Panning for Small- and Mid-Cap Gold
It often reveals companies that are a couple of cuts above some of the deep value techniques I utilize, in terms of quality. This particular screen combines the quest for companies with solid net profit margins, and growing, sustainable dividends.
More specifically, it includes the following criteria:
- Market capitalization between $100 million and $5 billion.
- Net profit margin of at least 8% for the trailing 12 months and for the latest fiscal year.
- Dividend yield greater than 1%.
- At least four consecutive years of increasing dividends.
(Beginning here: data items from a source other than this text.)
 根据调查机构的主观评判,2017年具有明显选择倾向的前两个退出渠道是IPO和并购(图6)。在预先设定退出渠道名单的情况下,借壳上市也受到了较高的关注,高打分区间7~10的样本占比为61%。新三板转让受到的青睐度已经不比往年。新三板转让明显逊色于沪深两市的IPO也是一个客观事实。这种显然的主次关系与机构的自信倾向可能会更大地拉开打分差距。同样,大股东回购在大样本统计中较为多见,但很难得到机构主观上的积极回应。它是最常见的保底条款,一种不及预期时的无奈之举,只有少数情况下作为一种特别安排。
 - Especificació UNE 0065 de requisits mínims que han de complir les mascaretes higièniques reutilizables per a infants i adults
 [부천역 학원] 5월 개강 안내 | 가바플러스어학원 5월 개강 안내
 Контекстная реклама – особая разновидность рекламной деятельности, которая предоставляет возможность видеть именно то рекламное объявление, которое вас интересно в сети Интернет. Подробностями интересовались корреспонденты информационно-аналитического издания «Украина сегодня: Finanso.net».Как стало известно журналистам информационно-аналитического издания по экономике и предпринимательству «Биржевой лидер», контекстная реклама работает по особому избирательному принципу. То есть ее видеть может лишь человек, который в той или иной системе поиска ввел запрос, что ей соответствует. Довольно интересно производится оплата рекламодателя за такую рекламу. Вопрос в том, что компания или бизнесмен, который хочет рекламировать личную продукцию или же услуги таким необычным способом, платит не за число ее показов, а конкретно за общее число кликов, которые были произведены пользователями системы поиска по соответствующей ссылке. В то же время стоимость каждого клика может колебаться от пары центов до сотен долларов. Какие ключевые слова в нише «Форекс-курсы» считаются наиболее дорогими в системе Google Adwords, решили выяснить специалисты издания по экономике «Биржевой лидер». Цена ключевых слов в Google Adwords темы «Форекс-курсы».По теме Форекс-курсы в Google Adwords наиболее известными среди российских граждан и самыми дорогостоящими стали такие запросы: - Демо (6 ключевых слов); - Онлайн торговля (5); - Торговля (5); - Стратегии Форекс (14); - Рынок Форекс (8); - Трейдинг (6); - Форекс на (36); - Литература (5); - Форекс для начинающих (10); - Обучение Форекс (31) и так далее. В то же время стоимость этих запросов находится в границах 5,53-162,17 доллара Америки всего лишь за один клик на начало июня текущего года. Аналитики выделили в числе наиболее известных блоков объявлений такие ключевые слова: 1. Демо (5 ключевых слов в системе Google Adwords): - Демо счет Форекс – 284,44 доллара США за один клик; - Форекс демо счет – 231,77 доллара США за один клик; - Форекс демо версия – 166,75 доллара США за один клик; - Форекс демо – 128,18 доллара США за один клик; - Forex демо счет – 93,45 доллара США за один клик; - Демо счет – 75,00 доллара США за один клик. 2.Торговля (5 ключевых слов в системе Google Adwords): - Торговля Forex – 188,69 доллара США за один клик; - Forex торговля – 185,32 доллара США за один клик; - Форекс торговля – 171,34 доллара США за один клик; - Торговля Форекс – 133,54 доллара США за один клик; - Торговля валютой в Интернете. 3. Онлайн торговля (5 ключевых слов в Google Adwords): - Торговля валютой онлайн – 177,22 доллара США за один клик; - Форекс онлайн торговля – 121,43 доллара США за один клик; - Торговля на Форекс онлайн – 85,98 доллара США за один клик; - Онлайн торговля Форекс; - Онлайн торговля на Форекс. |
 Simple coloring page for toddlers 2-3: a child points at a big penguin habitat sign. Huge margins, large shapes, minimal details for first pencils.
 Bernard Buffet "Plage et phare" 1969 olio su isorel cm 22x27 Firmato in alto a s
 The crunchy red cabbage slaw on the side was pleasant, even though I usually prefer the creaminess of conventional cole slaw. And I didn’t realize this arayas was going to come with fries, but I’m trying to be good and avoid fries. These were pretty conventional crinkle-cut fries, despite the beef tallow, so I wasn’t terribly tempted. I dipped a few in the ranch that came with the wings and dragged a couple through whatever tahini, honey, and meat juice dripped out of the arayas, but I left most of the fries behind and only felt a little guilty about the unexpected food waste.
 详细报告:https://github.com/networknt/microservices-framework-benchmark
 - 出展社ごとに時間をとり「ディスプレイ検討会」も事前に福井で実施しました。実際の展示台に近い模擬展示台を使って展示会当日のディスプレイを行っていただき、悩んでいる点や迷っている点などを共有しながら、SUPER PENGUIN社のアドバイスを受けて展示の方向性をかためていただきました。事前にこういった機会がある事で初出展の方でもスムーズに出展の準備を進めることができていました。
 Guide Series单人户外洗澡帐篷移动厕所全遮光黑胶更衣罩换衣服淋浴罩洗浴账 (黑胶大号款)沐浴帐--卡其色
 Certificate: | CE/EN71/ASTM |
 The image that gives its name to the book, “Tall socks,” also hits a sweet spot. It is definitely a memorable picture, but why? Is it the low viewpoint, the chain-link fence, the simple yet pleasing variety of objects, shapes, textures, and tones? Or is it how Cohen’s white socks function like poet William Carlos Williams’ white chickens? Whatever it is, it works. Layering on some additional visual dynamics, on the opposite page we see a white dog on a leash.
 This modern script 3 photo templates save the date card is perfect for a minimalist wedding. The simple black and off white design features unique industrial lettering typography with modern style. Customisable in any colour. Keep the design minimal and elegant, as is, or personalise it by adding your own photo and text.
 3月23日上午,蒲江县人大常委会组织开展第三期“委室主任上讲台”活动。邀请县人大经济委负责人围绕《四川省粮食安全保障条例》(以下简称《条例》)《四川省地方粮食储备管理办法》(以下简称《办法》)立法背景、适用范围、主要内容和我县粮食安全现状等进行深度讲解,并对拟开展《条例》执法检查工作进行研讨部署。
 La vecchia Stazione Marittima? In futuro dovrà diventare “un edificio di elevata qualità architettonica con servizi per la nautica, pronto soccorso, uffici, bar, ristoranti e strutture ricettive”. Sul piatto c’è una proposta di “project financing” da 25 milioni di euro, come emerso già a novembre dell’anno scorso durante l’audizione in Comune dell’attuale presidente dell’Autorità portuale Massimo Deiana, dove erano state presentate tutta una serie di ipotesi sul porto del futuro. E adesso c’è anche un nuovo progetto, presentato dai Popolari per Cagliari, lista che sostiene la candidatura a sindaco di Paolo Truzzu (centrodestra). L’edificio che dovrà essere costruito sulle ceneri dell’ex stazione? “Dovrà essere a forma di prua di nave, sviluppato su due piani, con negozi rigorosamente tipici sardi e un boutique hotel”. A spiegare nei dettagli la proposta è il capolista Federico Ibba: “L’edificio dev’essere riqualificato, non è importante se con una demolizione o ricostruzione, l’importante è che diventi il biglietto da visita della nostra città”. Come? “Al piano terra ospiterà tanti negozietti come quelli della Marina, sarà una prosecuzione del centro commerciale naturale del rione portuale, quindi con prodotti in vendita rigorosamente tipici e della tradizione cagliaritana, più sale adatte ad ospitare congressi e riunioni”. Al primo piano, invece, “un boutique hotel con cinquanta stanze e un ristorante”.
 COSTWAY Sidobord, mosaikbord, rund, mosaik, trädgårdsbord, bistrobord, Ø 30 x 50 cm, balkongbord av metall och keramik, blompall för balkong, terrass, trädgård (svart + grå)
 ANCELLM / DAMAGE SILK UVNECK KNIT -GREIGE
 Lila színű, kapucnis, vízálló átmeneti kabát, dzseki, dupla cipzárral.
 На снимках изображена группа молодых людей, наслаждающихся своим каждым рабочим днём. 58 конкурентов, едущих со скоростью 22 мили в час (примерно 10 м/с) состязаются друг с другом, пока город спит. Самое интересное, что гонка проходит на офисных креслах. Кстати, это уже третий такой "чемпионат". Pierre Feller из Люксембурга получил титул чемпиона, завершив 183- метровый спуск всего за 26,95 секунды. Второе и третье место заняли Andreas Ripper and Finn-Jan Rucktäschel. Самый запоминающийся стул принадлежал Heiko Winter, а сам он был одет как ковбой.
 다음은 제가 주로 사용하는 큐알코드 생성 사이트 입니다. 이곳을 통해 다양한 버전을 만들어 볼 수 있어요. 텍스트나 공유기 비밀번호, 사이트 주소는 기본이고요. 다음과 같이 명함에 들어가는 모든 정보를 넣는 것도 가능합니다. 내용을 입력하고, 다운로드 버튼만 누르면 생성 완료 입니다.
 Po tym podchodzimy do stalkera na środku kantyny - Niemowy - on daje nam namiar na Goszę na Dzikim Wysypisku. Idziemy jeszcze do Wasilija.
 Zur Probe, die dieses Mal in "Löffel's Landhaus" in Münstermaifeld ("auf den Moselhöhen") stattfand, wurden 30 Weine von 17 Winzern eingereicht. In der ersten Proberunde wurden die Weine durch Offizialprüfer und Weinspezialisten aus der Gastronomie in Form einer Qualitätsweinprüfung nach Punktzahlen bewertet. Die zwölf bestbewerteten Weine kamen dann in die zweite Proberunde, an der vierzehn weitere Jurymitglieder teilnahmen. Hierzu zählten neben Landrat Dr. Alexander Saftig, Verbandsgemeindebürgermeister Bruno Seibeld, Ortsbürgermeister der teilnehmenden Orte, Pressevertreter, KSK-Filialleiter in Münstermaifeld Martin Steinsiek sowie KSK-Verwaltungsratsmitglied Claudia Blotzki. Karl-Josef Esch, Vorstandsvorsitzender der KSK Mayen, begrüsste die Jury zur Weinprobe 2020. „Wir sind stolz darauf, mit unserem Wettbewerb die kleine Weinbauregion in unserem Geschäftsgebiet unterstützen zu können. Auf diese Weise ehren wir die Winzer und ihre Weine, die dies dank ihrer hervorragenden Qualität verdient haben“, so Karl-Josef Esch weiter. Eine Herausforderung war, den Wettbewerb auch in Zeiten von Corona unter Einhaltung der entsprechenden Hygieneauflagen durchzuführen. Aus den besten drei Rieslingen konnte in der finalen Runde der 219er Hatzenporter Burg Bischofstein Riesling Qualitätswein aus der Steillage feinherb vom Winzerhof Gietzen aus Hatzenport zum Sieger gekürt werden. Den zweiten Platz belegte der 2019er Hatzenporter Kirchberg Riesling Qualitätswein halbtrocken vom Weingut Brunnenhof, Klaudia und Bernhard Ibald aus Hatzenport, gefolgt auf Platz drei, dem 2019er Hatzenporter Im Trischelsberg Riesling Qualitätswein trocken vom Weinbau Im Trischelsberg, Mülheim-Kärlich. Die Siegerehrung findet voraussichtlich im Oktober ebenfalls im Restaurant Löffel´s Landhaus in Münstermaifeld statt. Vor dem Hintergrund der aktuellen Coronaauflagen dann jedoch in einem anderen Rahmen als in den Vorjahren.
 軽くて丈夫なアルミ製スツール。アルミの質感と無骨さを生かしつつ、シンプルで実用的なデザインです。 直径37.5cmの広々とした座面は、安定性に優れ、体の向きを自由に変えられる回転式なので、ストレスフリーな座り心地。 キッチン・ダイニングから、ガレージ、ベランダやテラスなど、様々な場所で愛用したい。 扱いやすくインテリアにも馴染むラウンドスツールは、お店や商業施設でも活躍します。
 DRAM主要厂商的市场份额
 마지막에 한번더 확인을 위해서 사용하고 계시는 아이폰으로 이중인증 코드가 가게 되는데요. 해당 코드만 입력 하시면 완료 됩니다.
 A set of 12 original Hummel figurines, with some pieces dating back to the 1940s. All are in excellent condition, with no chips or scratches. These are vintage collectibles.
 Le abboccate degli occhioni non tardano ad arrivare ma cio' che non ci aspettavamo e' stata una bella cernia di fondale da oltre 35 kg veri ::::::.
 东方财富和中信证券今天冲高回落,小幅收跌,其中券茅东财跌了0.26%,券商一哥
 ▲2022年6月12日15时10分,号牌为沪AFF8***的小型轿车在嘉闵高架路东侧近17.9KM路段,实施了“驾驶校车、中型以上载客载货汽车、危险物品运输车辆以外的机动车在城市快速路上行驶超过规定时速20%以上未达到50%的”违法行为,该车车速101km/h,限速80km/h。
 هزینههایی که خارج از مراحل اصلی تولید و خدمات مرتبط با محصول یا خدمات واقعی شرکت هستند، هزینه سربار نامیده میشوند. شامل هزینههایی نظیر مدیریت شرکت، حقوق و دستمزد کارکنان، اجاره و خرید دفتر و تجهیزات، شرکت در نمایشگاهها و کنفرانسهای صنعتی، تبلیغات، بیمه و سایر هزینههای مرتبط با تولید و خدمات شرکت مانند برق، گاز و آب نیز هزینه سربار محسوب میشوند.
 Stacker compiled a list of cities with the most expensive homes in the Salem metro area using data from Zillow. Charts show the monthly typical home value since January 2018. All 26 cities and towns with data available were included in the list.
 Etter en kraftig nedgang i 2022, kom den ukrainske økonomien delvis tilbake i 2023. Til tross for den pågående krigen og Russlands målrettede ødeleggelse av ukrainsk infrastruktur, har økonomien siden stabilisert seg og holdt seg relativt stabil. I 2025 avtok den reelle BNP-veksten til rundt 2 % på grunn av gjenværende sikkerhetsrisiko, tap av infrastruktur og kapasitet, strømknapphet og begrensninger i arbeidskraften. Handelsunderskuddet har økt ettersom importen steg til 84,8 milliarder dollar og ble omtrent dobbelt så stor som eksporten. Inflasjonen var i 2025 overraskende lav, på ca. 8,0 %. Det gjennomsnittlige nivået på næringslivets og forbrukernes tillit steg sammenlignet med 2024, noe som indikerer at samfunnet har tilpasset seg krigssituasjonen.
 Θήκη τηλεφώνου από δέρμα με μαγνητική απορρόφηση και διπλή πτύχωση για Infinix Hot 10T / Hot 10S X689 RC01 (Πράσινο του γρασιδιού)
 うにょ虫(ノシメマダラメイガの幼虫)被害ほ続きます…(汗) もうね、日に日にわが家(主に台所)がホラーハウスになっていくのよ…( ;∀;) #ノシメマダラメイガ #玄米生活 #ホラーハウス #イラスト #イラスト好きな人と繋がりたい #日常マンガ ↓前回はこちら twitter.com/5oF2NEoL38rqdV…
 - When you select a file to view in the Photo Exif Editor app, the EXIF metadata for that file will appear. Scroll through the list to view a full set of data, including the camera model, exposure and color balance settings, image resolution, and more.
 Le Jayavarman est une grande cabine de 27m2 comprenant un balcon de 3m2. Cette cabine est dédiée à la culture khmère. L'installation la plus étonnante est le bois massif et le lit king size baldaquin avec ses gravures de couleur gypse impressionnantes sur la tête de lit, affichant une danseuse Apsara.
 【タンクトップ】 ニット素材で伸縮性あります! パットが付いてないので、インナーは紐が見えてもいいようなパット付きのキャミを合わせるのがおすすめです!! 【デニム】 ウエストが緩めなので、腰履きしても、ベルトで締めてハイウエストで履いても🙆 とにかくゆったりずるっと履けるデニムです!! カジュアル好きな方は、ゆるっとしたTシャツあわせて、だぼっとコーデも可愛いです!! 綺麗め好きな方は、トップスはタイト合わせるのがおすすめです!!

- Payout ratio less than 50%.
- Price-to-earnings ratio less than 20.
- No financial stocks.
When I ran the screen this past May, only seven names made the cut: Lancaster Colony (LANC) , Carbo Ceramics (CRR) , Hillenbrand, W&T Offshore (WTI) , Sturm Ruger (RGR) , American States Water (WTR) and McGrath RentCorp (MGRC) . Combined, these seven names are up an average of a bit more than 13% in the past six months. That's significantly better return than both the S&P Small Cap Index (up 6.2%) and the S&P Mid Cap Index (up 5.53%).
Although I think this screen has some merit, a six-month time frame is too short to make a judgment. I've seen screens produce great results in the short term but fall apart longer term, and vice versa.